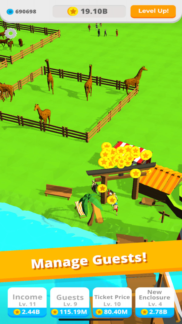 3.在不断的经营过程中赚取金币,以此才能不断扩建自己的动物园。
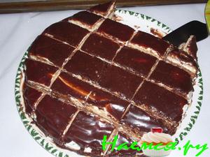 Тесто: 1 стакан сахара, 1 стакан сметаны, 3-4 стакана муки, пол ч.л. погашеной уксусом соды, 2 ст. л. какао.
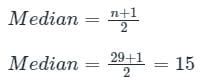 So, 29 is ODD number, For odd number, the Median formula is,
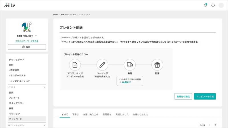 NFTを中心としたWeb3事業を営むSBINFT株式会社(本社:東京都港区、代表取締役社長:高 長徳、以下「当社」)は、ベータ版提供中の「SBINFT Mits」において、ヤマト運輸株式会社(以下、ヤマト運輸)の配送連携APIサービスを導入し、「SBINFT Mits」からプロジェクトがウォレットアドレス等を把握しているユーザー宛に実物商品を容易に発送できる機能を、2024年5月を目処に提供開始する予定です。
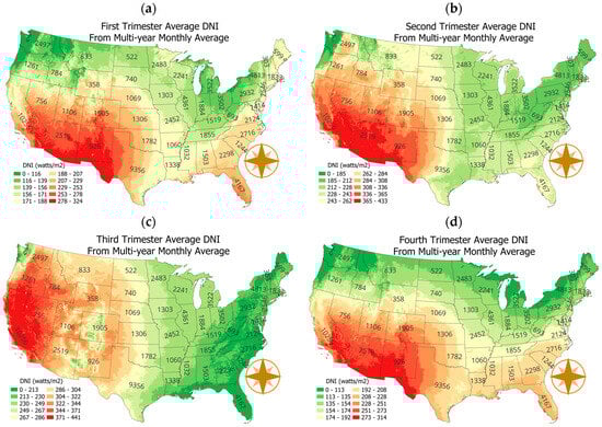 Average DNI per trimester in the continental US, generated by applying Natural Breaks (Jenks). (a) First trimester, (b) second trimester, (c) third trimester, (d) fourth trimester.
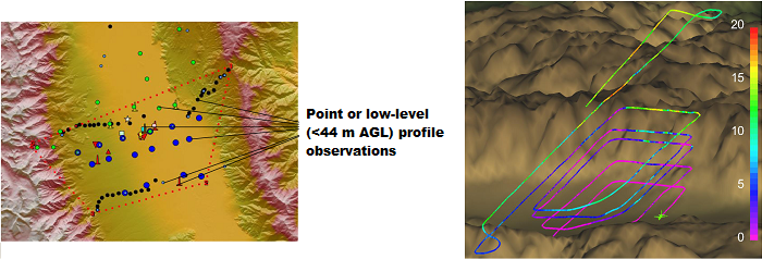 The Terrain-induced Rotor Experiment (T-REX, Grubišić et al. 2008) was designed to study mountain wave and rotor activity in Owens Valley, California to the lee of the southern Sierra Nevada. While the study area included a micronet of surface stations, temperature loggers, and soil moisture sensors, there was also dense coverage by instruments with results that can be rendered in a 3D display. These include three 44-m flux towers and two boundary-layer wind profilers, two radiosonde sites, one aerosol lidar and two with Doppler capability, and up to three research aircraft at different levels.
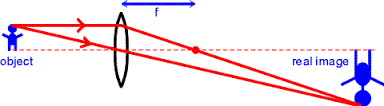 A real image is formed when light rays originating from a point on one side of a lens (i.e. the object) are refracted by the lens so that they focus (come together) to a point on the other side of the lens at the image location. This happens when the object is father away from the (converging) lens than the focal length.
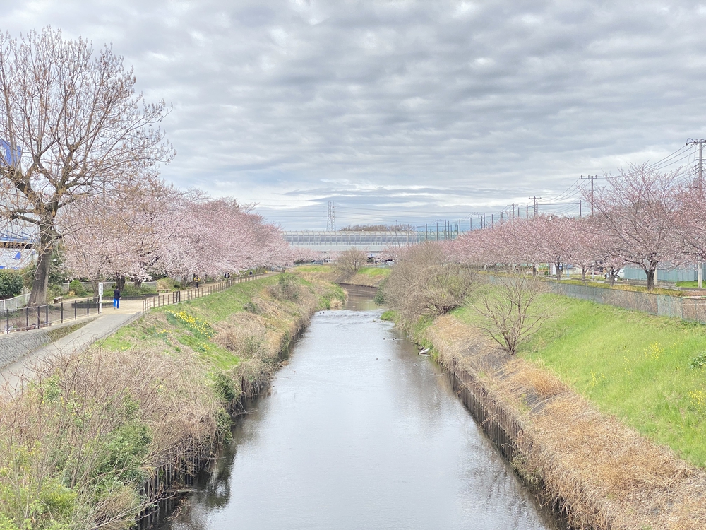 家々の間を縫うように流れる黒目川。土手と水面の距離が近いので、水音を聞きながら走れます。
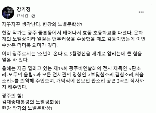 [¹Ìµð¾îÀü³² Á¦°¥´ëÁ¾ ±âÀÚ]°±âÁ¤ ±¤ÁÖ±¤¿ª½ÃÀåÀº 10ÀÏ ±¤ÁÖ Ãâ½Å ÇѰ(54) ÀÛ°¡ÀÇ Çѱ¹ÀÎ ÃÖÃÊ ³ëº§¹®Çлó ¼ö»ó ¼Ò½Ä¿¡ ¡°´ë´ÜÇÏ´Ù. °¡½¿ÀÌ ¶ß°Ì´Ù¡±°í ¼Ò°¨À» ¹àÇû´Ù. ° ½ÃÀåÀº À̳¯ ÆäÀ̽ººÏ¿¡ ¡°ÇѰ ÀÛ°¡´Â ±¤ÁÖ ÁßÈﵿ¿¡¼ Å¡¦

◆ ◆ ◆ ◆

**WHAT YOU NEED TO DO:** Your task is to restate word for word the lines from the top of the data to the line containing "The Terrain-induced Rotor", both ends included, with every picture left out.

**ANSWER FOR THE TASK:**
 3.在不断的经营过程中赚取金币,以此才能不断扩建自己的动物园。
 Тесто: 1 стакан сахара, 1 стакан сметаны, 3-4 стакана муки, пол ч.л. погашеной уксусом соды, 2 ст. л. какао.
 So, 29 is ODD number, For odd number, the Median formula is,
 NFTを中心としたWeb3事業を営むSBINFT株式会社(本社:東京都港区、代表取締役社長:高 長徳、以下「当社」)は、ベータ版提供中の「SBINFT Mits」において、ヤマト運輸株式会社(以下、ヤマト運輸)の配送連携APIサービスを導入し、「SBINFT Mits」からプロジェクトがウォレットアドレス等を把握しているユーザー宛に実物商品を容易に発送できる機能を、2024年5月を目処に提供開始する予定です。
 Average DNI per trimester in the continental US, generated by applying Natural Breaks (Jenks). (a) First trimester, (b) second trimester, (c) third trimester, (d) fourth trimester.
 The Terrain-induced Rotor Experiment (T-REX, Grubišić et al. 2008) was designed to study mountain wave and rotor activity in Owens Valley, California to the lee of the southern Sierra Nevada. While the study area included a micronet of surface stations, temperature loggers, and soil moisture sensors, there was also dense coverage by instruments with results that can be rendered in a 3D display. These include three 44-m flux towers and two boundary-layer wind profilers, two radiosonde sites, one aerosol lidar and two with Doppler capability, and up to three research aircraft at different levels.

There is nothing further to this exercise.